- Exercise instructions:
Every line of the data below should be repeated exactly, and no picture should be copied.

(Dataset entries)
══════════════════════════════

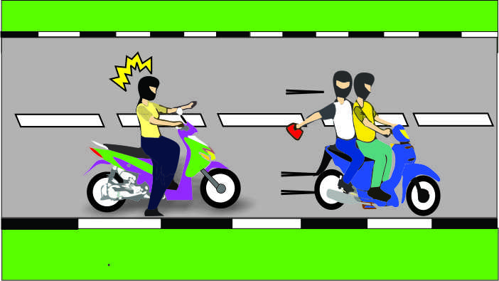 Tanpa basa-basi, secepat kilat pelaku penjambretan yang memakai sepeda motor tersebut merampas kalung yang digunakan oleh SD.
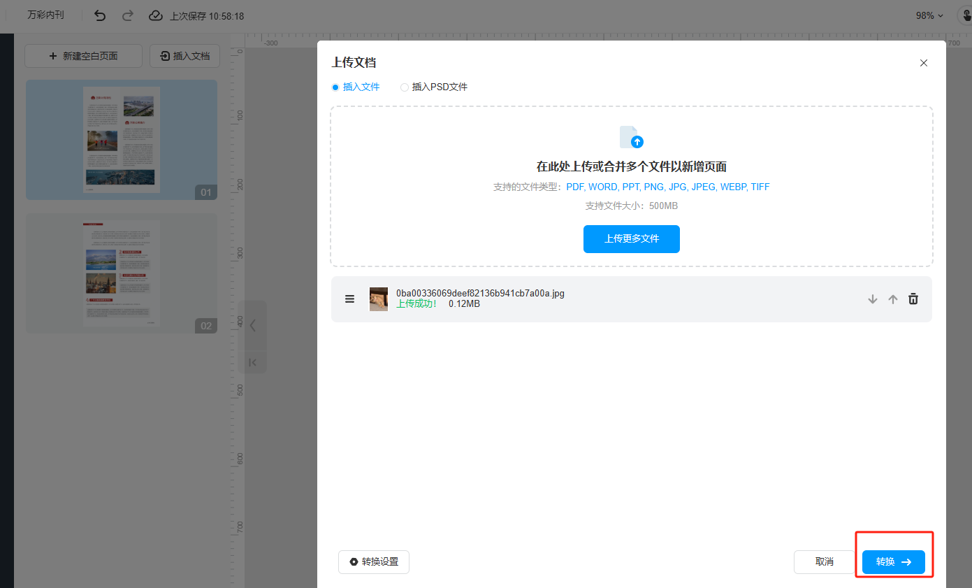 4、上传好文档后,点击【转换】。
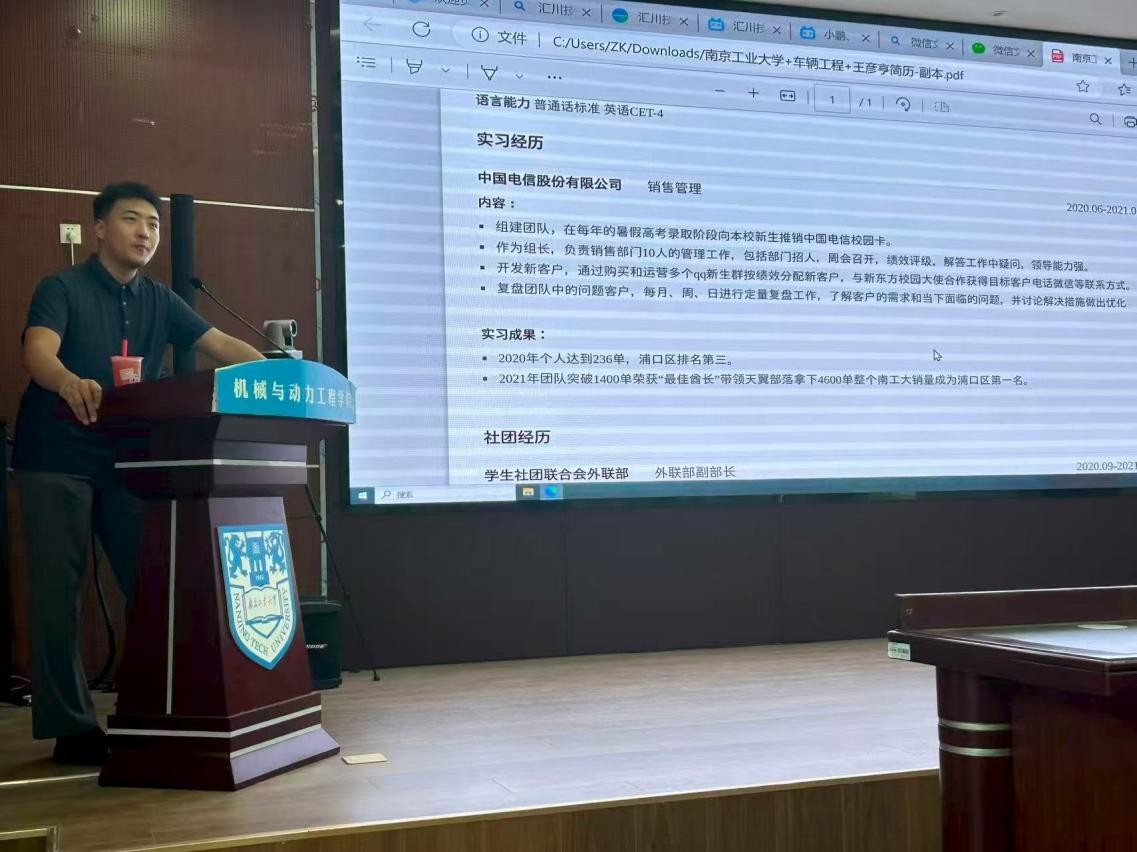 校友王彦亨结合自身在苏州汇川技术有限公司的工作经历,从行业发展趋势、企业人才需求两方面展开分享。他以汇川技术在工业自动化领域的技术突破为例,详细解读了机械专业在智能制造、新能源装备等方向的就业机遇。随后,他结合自身求职经历,围绕“简历优化”、“面试技巧”、“职场适应”三大核心话题展开分享,强调简历需突出项目成果,用数据体现能力,建议提前积累实习经验,明确职业匹配度。
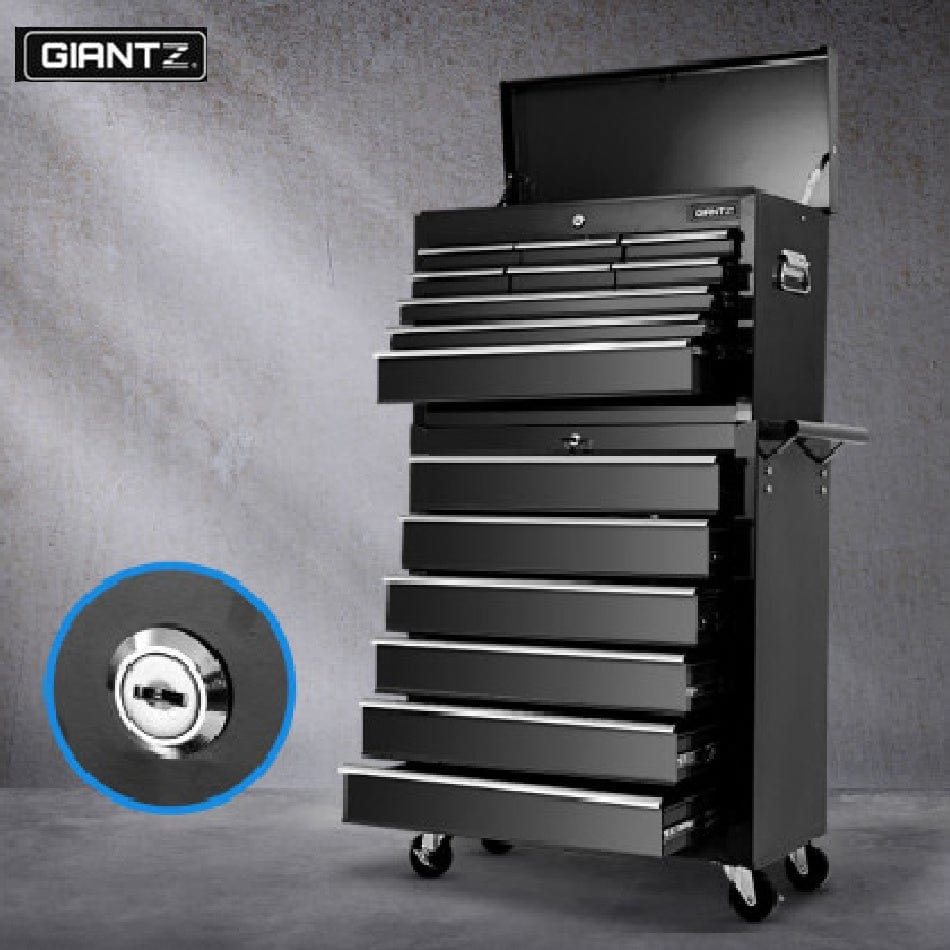 15 Drawers Tool Box Chest Trolley Cabinet Garage Storage Boxes Organizer Black
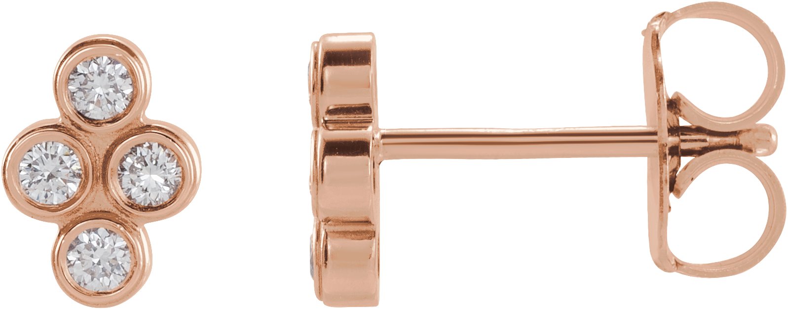 87353 / Earring / Set / Natural Diamond / Round / 1.5 Mm / 14K Rose / Pair / Friction Backs Included / Polished / 1/10 Ctw Natural Diamond Bezel-Set Cluster Earrings
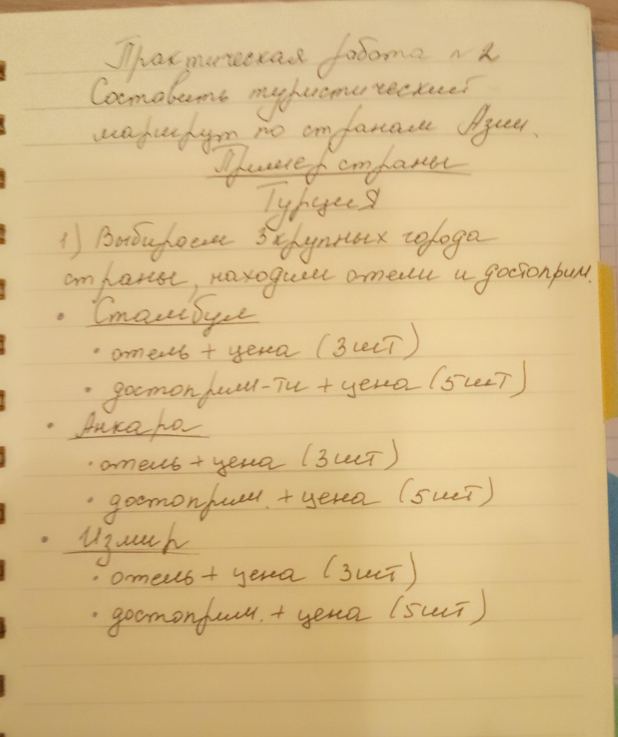 1.Выбираем 3 крупных города страны находим отели и достоприм
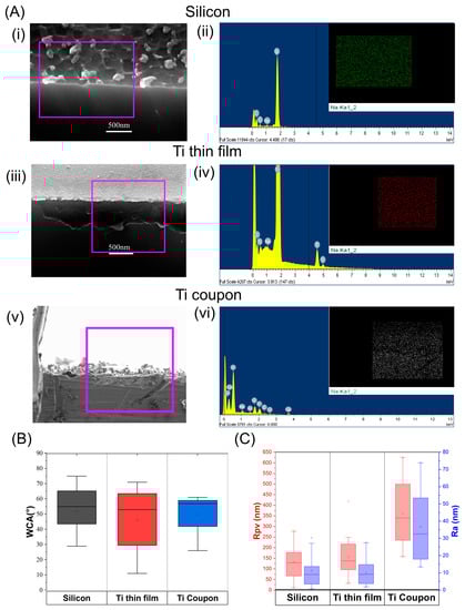 (A) Scanning electron microscope (SEM) energy dispersive X-ray (EDX) data of substrates post activation: (i) Cross-sectional SEM image of a silicon substrate with area of EDX mapping highlighted in pink, (ii) corresponding EDX spectrum and insert of elemental map of sodium, (iii) cross-sectional SEM image of a Ti thin-film substrate with area of EDX mapping highlighted in pink, (iv) corresponding EDX spectrum and insert of elemental map of sodium, (v) cross-sectional SEM image of a Ti coupon substrate with area of EDX mapping highlighted in pink, (vi) corresponding EDX spectrum and insert of elemental map of sodium. (B) Water contact angle (WCA) in ° measured for each substrate post activation; (C) the average roughness (Ra) and peak-to-valley (Rpv) roughness of the three substrates post-activation as measured by atomic force microscopy.

══════════════════════════════

- Expected output:
 Tanpa basa-basi, secepat kilat pelaku penjambretan yang memakai sepeda motor tersebut merampas kalung yang digunakan oleh SD.
 4、上传好文档后,点击【转换】。
 校友王彦亨结合自身在苏州汇川技术有限公司的工作经历,从行业发展趋势、企业人才需求两方面展开分享。他以汇川技术在工业自动化领域的技术突破为例,详细解读了机械专业在智能制造、新能源装备等方向的就业机遇。随后,他结合自身求职经历,围绕“简历优化”、“面试技巧”、“职场适应”三大核心话题展开分享,强调简历需突出项目成果,用数据体现能力,建议提前积累实习经验,明确职业匹配度。
 15 Drawers Tool Box Chest Trolley Cabinet Garage Storage Boxes Organizer Black
 87353 / Earring / Set / Natural Diamond / Round / 1.5 Mm / 14K Rose / Pair / Friction Backs Included / Polished / 1/10 Ctw Natural Diamond Bezel-Set Cluster Earrings
 1.Выбираем 3 крупных города страны находим отели и достоприм
 (A) Scanning electron microscope (SEM) energy dispersive X-ray (EDX) data of substrates post activation: (i) Cross-sectional SEM image of a silicon substrate with area of EDX mapping highlighted in pink, (ii) corresponding EDX spectrum and insert of elemental map of sodium, (iii) cross-sectional SEM image of a Ti thin-film substrate with area of EDX mapping highlighted in pink, (iv) corresponding EDX spectrum and insert of elemental map of sodium, (v) cross-sectional SEM image of a Ti coupon substrate with area of EDX mapping highlighted in pink, (vi) corresponding EDX spectrum and insert of elemental map of sodium. (B) Water contact angle (WCA) in ° measured for each substrate post activation; (C) the average roughness (Ra) and peak-to-valley (Rpv) roughness of the three substrates post-activation as measured by atomic force microscopy.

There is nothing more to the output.